Excerpts from a dataset
┏━━
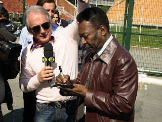 Os ídolos se mostraram extremamente acessíveis. Mauricio inclusive tomou café com os jornalistas enquanto aguardava o inicio da entrevista. Sempre simpático fez questão de atender todos os fãs, adultos e crianças. Pelé ficou menos tempo, mas ainda dei sorte de, na saída, ao entrar no estádio do Pacaembu (onde foi realizado o evento) dei de cara com o rei do futebol dando uma entrevista a Otávio Mesquita, na qual ele confessava o ciúme que tem da Monica. Afinal, ela viaja o mundo todo, e o Pelézinho não. ELE É O MUDAFUCKA PELÉ PO.
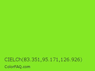CIELCh 83.351,95.171,126.926 Color is a normal green color and the nearest color is Spring Frost #87ff2a. Hex code #85e824 and RGB value is rgb(133,232,36). In RGB color space, this color is composed of 52% red, 91% green, 14% blue, In CMYK color space, this color is composed of 43% cyan, 0% magenta, 84% yellow , 9% black , In HSL color space, this color has a hue angle of 90° , 81% saturation and 53% lightness.
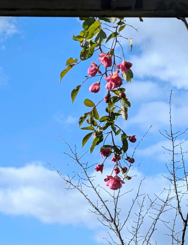 昨日は雪混じりの風に激しく揺られ今日は晴空に何ともなかったように咲いてるツルバラです🍃🩷
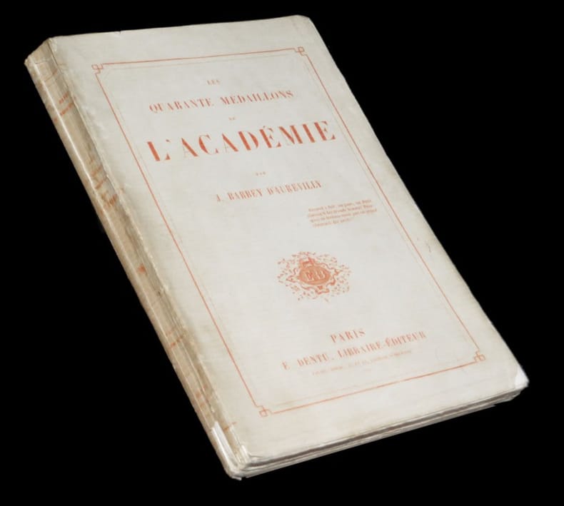 Edition originale. L'ouvrage contient autant de portraits d'Académiciens que de charges... Grelé, Barbey / Essai de bibliographie générale, p. 39 - Seguin, Barbey / Etude de bibliographie critique, p. 54 - Vicaire I, Manuel de l'amateur de livres du XIXème, 303 - Quérard I, Supercheries littéraires, 458 - Clouzot, Guide du bibliophile français, p. 25 - Carteret I, Le Trésor du bibliophile romantique et moderne, p. 109. Dos fendu. Infime manque angulaire sur chacun des plats ainsi qu'en marge du premier plat et en queue du dos ; lequel présente des tâches. Quelques rousseurs éparses dans le corps d'ouvrage. Idéalement, à relier.
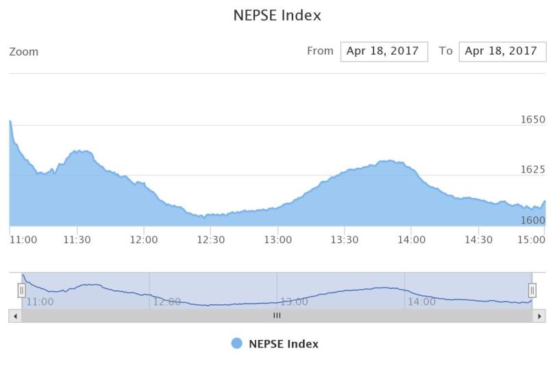 मंगलबार नेप्से ३९.५७ अंकले घटेर १६१२.०४ अंकमा आइपुगेको छ । आइतबार पनि नेप्से ४५ अंकले घटेको थियो । ०७३ सालको कारोबारको अन्तिम दिन नेप्से परिसूचक १६९७ मा अडेको थियो ।
┗━━
Task to carry out: If an entry holds an image, omit that image and print the remainder exactly as it stands.

Output below:
 Os ídolos se mostraram extremamente acessíveis. Mauricio inclusive tomou café com os jornalistas enquanto aguardava o inicio da entrevista. Sempre simpático fez questão de atender todos os fãs, adultos e crianças. Pelé ficou menos tempo, mas ainda dei sorte de, na saída, ao entrar no estádio do Pacaembu (onde foi realizado o evento) dei de cara com o rei do futebol dando uma entrevista a Otávio Mesquita, na qual ele confessava o ciúme que tem da Monica. Afinal, ela viaja o mundo todo, e o Pelézinho não. ELE É O MUDAFUCKA PELÉ PO.
CIELCh 83.351,95.171,126.926 Color is a normal green color and the nearest color is Spring Frost #87ff2a. Hex code #85e824 and RGB value is rgb(133,232,36). In RGB color space, this color is composed of 52% red, 91% green, 14% blue, In CMYK color space, this color is composed of 43% cyan, 0% magenta, 84% yellow , 9% black , In HSL color space, this color has a hue angle of 90° , 81% saturation and 53% lightness.
 昨日は雪混じりの風に激しく揺られ今日は晴空に何ともなかったように咲いてるツルバラです🍃🩷
 Edition originale. L'ouvrage contient autant de portraits d'Académiciens que de charges... Grelé, Barbey / Essai de bibliographie générale, p. 39 - Seguin, Barbey / Etude de bibliographie critique, p. 54 - Vicaire I, Manuel de l'amateur de livres du XIXème, 303 - Quérard I, Supercheries littéraires, 458 - Clouzot, Guide du bibliophile français, p. 25 - Carteret I, Le Trésor du bibliophile romantique et moderne, p. 109. Dos fendu. Infime manque angulaire sur chacun des plats ainsi qu'en marge du premier plat et en queue du dos ; lequel présente des tâches. Quelques rousseurs éparses dans le corps d'ouvrage. Idéalement, à relier.
 मंगलबार नेप्से ३९.५७ अंकले घटेर १६१२.०४ अंकमा आइपुगेको छ । आइतबार पनि नेप्से ४५ अंकले घटेको थियो । ०७३ सालको कारोबारको अन्तिम दिन नेप्से परिसूचक १६९७ मा अडेको थियो ।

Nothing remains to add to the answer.